Work item: The listing below has to be output exactly as given, less its pictures.

Recorded data:
□ □ □
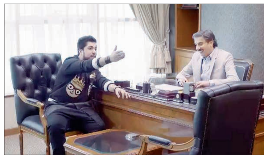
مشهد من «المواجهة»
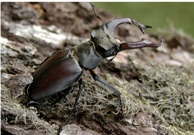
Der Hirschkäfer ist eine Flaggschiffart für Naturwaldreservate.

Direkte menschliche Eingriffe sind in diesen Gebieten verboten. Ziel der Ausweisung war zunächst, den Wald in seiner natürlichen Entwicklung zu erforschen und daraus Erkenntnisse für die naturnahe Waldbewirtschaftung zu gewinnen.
□ □ □
Answer to this problem:
مشهد من «المواجهة»
Der Hirschkäfer ist eine Flaggschiffart für Naturwaldreservate.

Direkte menschliche Eingriffe sind in diesen Gebieten verboten. Ziel der Ausweisung war zunächst, den Wald in seiner natürlichen Entwicklung zu erforschen und daraus Erkenntnisse für die naturnahe Waldbewirtschaftung zu gewinnen.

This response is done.